# Perfect City



## Elis (Jul 14, 2012)

Hi, I'm Alice and I am looking for a perfect city to live in the US. I was born and currently still living in Croatia, a small European country you guys probably never heard about (but just FYI it's next to Italy). Since I've never really been to America, I don't have a real picture of things there. I did a lot of research, and I found 25 best cities for me. But right now, I cannot chose between them. So I REALLY DESPERATELY need some help. If you live in cities that I'll now write down, I would really appreciate if you tell me something about your city. Tell me how do you like it, what's the best and the worst in it, how do you live in it, I mean is it expensive for living, how are the people and all the juicy stuff that I can find on Wikipedia. Thank you very much!!

That cities are:

1)Houston, Texas

2)Austin, Texas

3)Orlando, Florida

4)Fort Worth, Texas

5)San Antonio, Texas 

6)Tampa, Florida

7)Ocala, Florida

8)Memphis, Tennessee

9)Gainesville, Florida

10)Port Charlotte, Florida

11)Beaumont, Texas

12)Port Arthur, Texas

13)Brownsville, Texas

14)McAllen, Texas

15)Jacksonville, Florida

16)Galveston, Texas

17)Charleston, South Carolina

18)Tyler, Texas

19)Augusta, Georgia

20)Corpus Christi, Texas

21)Bryan-College Station, Texas

22)Tallahassee, Florida

23)Bradenton, Florida

24)West Palm Beach, Florida


----------



## mamasue (Oct 7, 2008)

Alice, you may be jumping the gun a bit here with your research....
The first thing you have to research is if you qualify for any visas to live in the US.
I think the diversity lottery (green card lottery) is probably your best bet.


----------



## Elis (Jul 14, 2012)

mamasue said:


> Alice, you may be jumping the gun a bit here with your research....
> The first thing you have to research is if you qualify for any visas to live in the US.
> I think the diversity lottery (green card lottery) is probably your best bet.

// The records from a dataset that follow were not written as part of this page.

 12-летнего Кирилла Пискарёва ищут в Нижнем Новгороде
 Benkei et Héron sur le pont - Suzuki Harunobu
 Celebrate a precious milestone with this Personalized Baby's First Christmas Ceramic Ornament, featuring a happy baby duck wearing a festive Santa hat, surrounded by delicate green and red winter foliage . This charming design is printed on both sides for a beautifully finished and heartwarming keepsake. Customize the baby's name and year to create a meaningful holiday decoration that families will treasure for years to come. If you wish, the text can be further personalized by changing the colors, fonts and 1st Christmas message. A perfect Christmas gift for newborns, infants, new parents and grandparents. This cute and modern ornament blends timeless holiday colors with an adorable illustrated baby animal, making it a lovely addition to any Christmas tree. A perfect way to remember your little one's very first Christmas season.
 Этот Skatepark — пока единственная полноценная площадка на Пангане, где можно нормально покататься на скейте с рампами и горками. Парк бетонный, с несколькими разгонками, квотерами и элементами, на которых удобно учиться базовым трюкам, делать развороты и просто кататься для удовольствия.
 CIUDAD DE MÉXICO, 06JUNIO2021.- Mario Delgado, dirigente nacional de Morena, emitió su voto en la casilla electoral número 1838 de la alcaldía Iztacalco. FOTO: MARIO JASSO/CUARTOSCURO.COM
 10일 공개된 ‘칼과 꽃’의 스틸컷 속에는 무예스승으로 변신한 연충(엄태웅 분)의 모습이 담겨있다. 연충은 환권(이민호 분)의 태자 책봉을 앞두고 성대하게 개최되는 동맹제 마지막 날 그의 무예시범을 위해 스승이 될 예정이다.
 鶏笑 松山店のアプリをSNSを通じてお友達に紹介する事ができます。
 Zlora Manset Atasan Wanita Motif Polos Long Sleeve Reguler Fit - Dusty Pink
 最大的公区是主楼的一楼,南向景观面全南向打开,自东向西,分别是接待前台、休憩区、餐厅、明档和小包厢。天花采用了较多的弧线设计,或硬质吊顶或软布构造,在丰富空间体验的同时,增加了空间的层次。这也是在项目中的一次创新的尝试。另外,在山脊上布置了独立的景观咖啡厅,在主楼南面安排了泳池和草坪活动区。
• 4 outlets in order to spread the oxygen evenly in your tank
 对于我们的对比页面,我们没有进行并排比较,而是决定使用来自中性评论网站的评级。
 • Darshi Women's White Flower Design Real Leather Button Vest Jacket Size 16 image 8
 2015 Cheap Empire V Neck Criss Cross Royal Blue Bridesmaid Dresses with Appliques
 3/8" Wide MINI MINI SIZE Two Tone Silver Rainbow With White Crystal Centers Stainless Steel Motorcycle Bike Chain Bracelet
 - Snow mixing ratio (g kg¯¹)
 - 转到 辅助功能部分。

Oh, I did all of that I just need some help with choosing the perfect city for me. But thank you anyway.


----------



## mamasue (Oct 7, 2008)

You won on the diversity lottery??


----------



## Uecker_seats (Jan 26, 2012)

Demographics. Key rule of thumb: anywhere north of the Mason Dixon line they have salad bars, anywhere south of the line they have Waffle Houses. In the north, they have dating services. In the south they have family reunions!


----------



## danny77 (Jul 18, 2012)

Hey, why don't you consider also Chicago, IL?


----------